Ordering optimization order BY to achieve global ordering, a reduce implementation, inefficient sort by implementation is partially ordered, the result of a single reduce output is orderly, high efficiency, usually used with the distribute by keyword (Distribute by keyword You can assign a map to the reduce side of the distribution key) CLUSTER by col1 equivalent to distribute by col1 SORT by col1
Six, each partition in the use of partition hive corresponds to a directory on HDFs, the partition column is not an actual field in the table, but one or more pseudo-columns, in the table's data file does not actually save the partition column information and data. The partition keyword is preceded by the primary partition (only one), followed by the secondary partition static partition: Static partitioning needs to specify a case in the SQL statement when loading data and usage: (stat_date= ' 20120625 ', province= ' Hunan ') Dynamic partitioning: Use dynamic partitioning to set the Hive.exec.dynamic.partition parameter value to True, the default value is False, by default, Hive assumes that the primary partition is statically partitioned, the secondary partition uses dynamic partitioning, and if you want to make
With dynamic partitioning, set Hive.exec.dynamic.partition.mode=nostrick is required and the default is Strick case: (stat_date= ' 20120625 ', province)
Vii. distinctdistinct distinctdistinct distinctdistinct use hive to support multiple distinct operations on the same column at group by. Distinct operations on multiple columns in the same statement are not supported.
Viii. HQLHQLHQL using custom custom using custom mapredmapredmapred mapredmapred scripting considerations: When using a custom mapred script, the keyword map, REDUCE, is used to define Is the statement select TRANSFORM (...) Syntax conversion does not mean that a new map process is forced when using the Map keyword, and a red process is generated when using the Reduce keyword.
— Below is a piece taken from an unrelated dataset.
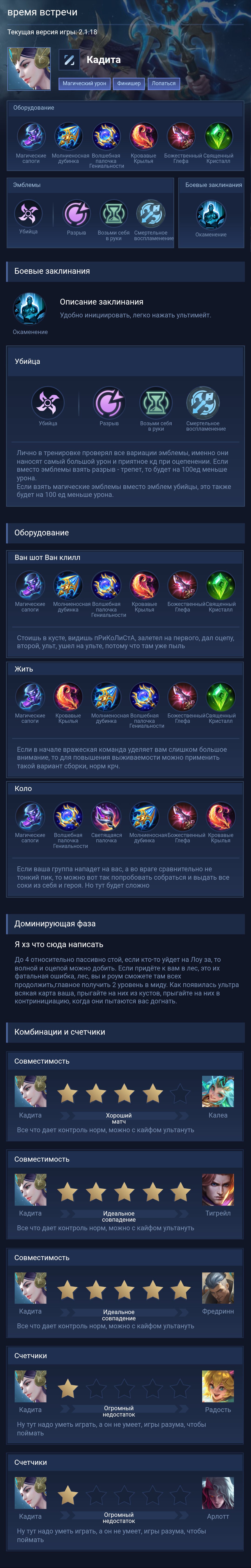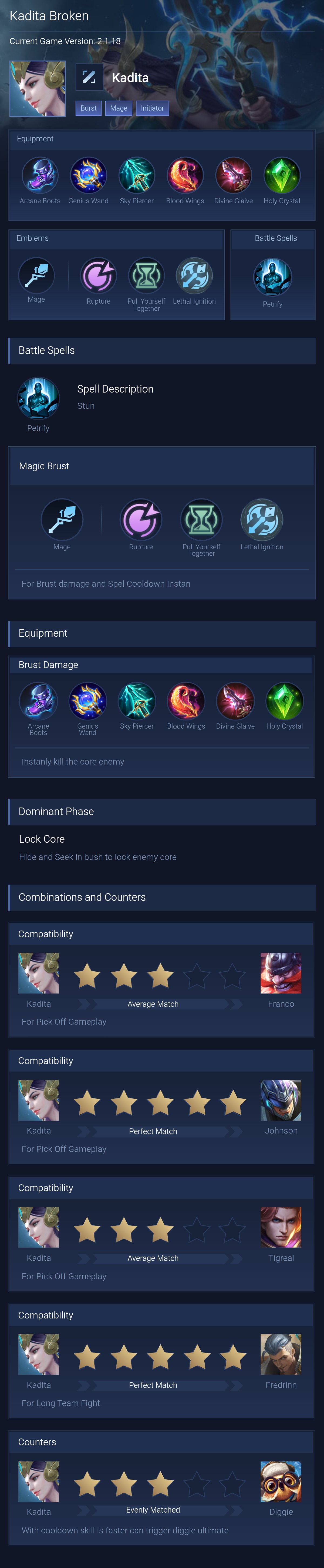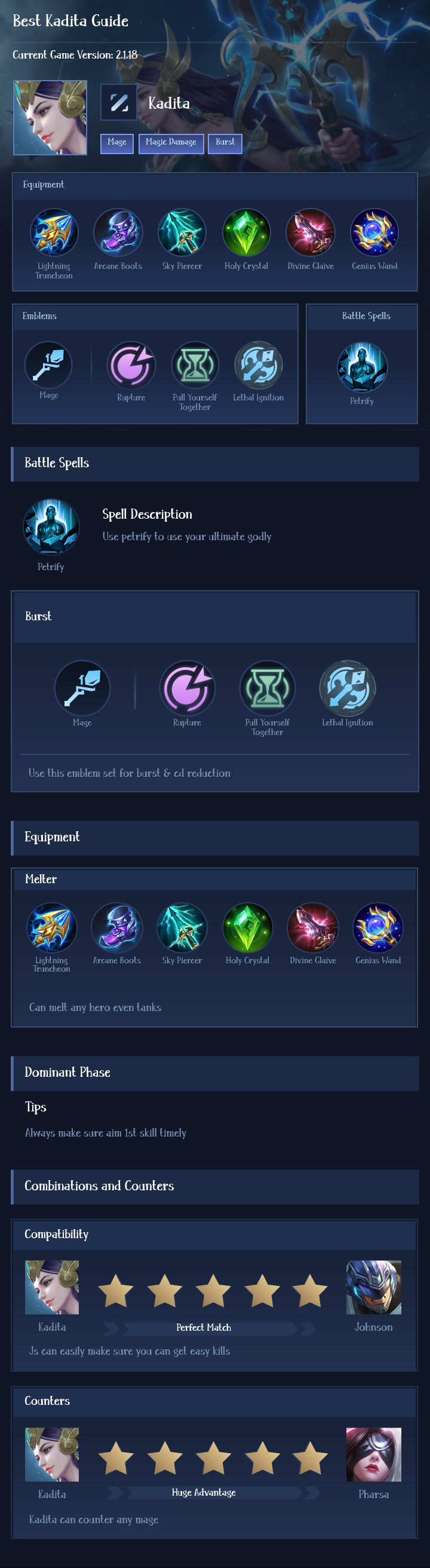 Full Magic Burst. This build maximizes Kadita's burst damage and magic penetration to kill enemy marksmen in one combo

The custom mapred script can be a more complex function of the HQL statement, but performance is a bit worse than the HQL statement and should be avoided as much as possible, using the UDTF function to replace the custom mapred script
UDTFUDTFUDTFUDTF UDTF Converts a single input row into multiple output lines, and when using UDTF, the SELECT statement cannot contain additional columns, UDTF does not support nesting, and does not support the group by, sort by, and so on. If you want to avoid these limitations, you need to use the lateral view syntax, case: Select A.timestamp, Get_json_object (a.appevents, ' $.eventid '), Get_json_object ( A.appenvets, ' $.eventname ') from log A; Select A.timestamp, b.* from log a lateral view json_tuple (a.appevent, ' EventID ', ' eventname ') b as F1, F2; Where Get_json_object is the UDF function, Json_tuple is the UDTF function. The UDTF function can greatly improve the performance of HQL statements in some scenarios, such as applications that need to parse JSON or XML data multiple times.

Hive ive optimization (important)

Contact Us

The content source of this page is from Internet, which doesn't represent Alibaba Cloud's opinion; products and services mentioned on that page don't have any relationship with Alibaba Cloud. If the content of the page makes you feel confusing, please write us an email, we will handle the problem within 5 days after receiving your email.

If you find any instances of plagiarism from the community, please send an email to: info-contact@alibabacloud.com and provide relevant evidence. A staff member will contact you within 5 working days.

A Free Trial That Lets You Build Big!

Start building with 50+ products and up to 12 months usage for Elastic Compute Service

  • Sales Support

    1 on 1 presale consultation

  • After-Sales Support

    24/7 Technical Support 6 Free Tickets per Quarter Faster Response

  • Alibaba Cloud offers highly flexible support services tailored to meet your exact needs.